Emerging Tech Trends 2024 – Amy Webb
- TR2024_Full-Report_FINAL_LINKED.pdf (futuretodayinstitute.com)
- Amy Webb Launches 2024 Emerging Tech Trend Report | SXSW 2024 (youtube.com)
- There are tons of reasons to dive into Amy Webb's Emerging Tech Trends talk at SXSW (and the full slide deck): it's a look at a Tech bull case, packed with intriguing insights, and honestly, it's just entertaining.
- The general thesis: We have multiple General Purpose Technologies, each powerful on their own, but they have started to converge…giving us a Technology Supercycle.
- That term makes me think of the old commodity supercycle narrative, which coincided with a big commodity bull market, but did not end well.
- It’s surely a sign of bullish sentiment. This would not be the title of a presentation in a tech bear market, say autumn 2022.
- Bottom line: Too big to read all of it, but good to watch and a great resource for getting up to speed or refreshing knowledge on specific tech topics.
Landmark study links microplastics to serious health problems - Nature
Landmark study links microplastics to serious health problems (nature.com)

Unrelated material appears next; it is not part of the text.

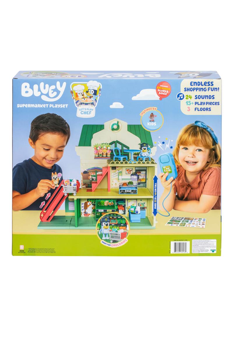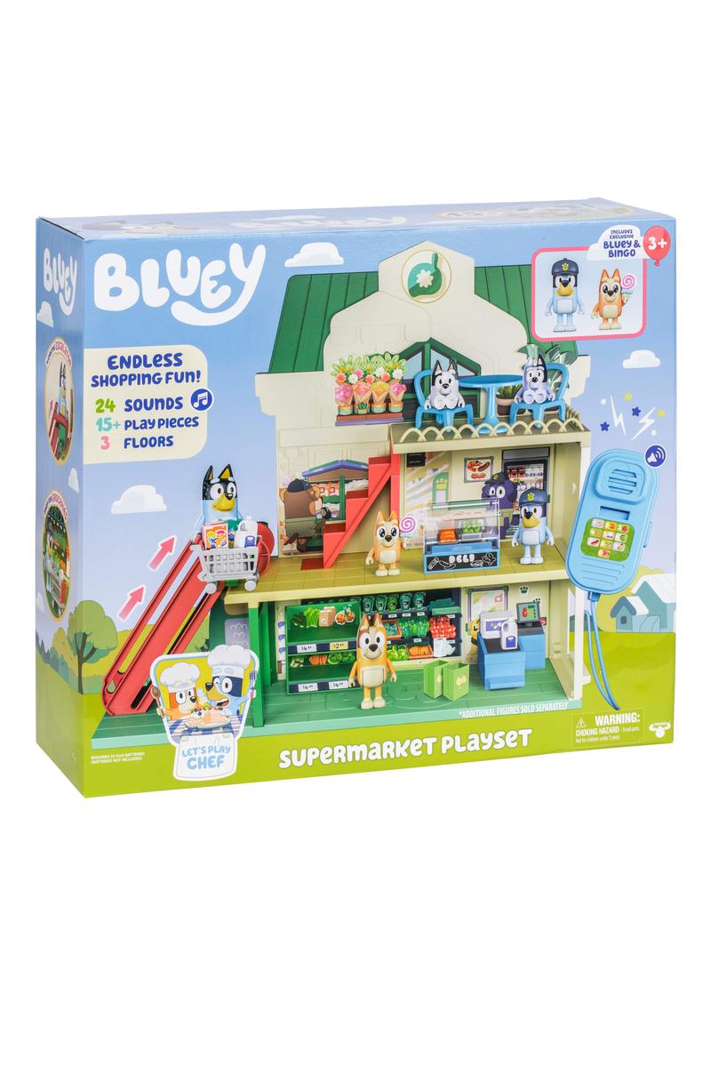 Bluey™ brings the joy of pretend play to life with the Series 13 Supermarket Playset! This exciting 3-story setup features over 15 play pieces, interactive sound effects, and fan-favorite figures Bluey and Bingo to get the shopping fun started.

We know microplastics are everywhere. We also know that they end up in the environment and ultimately in all of us.
What’s new in this paper is that it links microplastic pollution to a human health problems.
60% of the 257 people who underwent surgery had micro- or nanoplastics in a main artery. Those who did were 4.5 times more likely to experience a heart attack, a stroke or death over the next 3 years.

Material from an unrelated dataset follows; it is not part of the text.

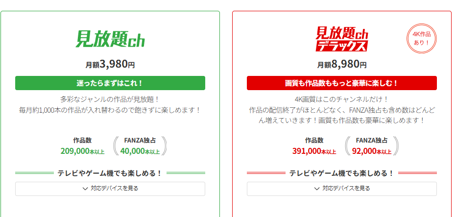 FANZAの見放題デラックス)は、月額8,980円で膨大なラインナップを楽しめます。

Microplastics had become embedded in the fatty plaque that clings to the walls of blood vessels. It appeared that micro- and nanoplastics made those fatty blobs of plaque more frail, increasing the risk that they could dislodge from the artery wall, block the flow of blood in a smaller vessel and prompt a heart attack or stroke.
Caveat: the study shows correlation rather than causation and did not control for other potential disease drivers.

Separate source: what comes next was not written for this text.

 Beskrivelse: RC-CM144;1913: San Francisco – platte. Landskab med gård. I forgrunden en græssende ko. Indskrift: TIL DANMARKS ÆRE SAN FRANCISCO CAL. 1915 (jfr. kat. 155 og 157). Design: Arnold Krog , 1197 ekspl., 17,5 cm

Market angle: The ‘Circular Economy’ investment theme has been flying under the radar, but there is slowly growing news-flow momentum, especially on plastics.
Catalysts: A soon to be released documentary on plastic pollution could draw additional attention to the topic. And at a U.N. meeting in April there will be negotiations on a treaty that aims to curb the growth of plastic pollution.
Bottom line: First study linking microplastics to serious health problems. As public pressure grows, the Circular Economy theme will get more attention.